Goal of the exercise: Set down exactly the lines of the records from the top to the line containing "Sugar, Vegetable Fat, [Emulsifiers"; include both.

Dataset content:

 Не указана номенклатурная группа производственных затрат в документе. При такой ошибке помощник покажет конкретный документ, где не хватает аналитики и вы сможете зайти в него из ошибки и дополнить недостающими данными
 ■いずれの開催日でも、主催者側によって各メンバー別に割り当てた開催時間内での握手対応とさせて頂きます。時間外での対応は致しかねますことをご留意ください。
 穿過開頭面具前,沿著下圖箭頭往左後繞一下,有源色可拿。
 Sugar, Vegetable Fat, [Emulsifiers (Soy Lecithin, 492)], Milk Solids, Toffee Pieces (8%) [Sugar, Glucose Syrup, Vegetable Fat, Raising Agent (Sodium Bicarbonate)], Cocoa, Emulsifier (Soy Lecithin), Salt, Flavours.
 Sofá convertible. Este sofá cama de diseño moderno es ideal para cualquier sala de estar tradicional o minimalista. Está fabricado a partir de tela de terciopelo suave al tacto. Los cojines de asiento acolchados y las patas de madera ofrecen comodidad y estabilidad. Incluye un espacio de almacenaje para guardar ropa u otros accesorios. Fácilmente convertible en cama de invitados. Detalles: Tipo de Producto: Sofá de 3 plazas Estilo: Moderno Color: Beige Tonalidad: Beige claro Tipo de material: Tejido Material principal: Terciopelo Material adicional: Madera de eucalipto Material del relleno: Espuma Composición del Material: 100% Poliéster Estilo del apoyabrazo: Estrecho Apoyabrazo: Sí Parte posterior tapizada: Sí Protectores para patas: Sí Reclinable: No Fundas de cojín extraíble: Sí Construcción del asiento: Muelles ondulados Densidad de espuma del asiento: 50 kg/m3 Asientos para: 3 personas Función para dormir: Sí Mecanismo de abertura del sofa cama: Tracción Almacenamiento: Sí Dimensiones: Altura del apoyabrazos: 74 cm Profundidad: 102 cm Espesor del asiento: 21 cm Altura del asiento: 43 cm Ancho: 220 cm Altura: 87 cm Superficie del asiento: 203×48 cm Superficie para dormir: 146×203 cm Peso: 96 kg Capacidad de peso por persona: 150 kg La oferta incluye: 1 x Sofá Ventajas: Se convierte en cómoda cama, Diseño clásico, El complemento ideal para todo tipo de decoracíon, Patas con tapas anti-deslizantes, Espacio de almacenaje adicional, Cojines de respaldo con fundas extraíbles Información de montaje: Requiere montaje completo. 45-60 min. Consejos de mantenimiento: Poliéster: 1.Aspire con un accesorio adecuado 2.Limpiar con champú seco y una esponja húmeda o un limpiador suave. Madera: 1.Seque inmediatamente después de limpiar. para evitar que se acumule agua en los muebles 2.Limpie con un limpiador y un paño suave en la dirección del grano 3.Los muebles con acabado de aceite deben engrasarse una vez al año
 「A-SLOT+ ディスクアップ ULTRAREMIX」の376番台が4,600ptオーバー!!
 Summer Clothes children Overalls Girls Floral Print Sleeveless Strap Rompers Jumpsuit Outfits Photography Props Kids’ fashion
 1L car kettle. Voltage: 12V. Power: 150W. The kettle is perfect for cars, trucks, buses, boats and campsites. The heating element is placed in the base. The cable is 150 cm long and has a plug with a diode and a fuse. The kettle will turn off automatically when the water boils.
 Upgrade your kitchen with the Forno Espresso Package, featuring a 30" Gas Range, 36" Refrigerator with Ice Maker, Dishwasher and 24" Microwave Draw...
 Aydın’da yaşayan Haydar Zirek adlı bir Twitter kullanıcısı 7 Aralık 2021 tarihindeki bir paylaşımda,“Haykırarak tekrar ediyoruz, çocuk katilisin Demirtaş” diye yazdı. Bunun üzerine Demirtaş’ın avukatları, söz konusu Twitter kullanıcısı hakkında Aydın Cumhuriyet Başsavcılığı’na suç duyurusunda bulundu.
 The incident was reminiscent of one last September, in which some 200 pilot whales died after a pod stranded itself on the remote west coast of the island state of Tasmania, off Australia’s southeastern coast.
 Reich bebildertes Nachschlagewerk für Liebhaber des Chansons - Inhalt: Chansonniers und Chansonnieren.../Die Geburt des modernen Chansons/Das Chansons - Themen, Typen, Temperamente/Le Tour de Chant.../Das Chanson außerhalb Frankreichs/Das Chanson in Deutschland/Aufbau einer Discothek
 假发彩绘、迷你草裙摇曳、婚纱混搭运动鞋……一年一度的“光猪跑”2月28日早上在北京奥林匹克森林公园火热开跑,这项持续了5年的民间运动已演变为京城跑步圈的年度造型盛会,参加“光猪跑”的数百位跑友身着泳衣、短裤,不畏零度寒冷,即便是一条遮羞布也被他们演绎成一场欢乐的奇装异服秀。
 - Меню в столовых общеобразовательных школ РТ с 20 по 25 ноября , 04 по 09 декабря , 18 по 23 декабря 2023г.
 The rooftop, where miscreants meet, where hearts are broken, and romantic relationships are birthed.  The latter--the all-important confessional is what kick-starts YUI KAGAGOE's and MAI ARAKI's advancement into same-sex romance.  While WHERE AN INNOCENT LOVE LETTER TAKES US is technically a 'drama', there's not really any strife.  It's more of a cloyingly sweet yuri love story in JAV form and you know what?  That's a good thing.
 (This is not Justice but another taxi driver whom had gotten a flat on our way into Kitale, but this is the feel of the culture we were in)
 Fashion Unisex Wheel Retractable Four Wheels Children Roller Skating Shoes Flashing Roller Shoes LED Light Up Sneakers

Reply:
 Не указана номенклатурная группа производственных затрат в документе. При такой ошибке помощник покажет конкретный документ, где не хватает аналитики и вы сможете зайти в него из ошибки и дополнить недостающими данными
 ■いずれの開催日でも、主催者側によって各メンバー別に割り当てた開催時間内での握手対応とさせて頂きます。時間外での対応は致しかねますことをご留意ください。
 穿過開頭面具前,沿著下圖箭頭往左後繞一下,有源色可拿。
 Sugar, Vegetable Fat, [Emulsifiers (Soy Lecithin, 492)], Milk Solids, Toffee Pieces (8%) [Sugar, Glucose Syrup, Vegetable Fat, Raising Agent (Sodium Bicarbonate)], Cocoa, Emulsifier (Soy Lecithin), Salt, Flavours.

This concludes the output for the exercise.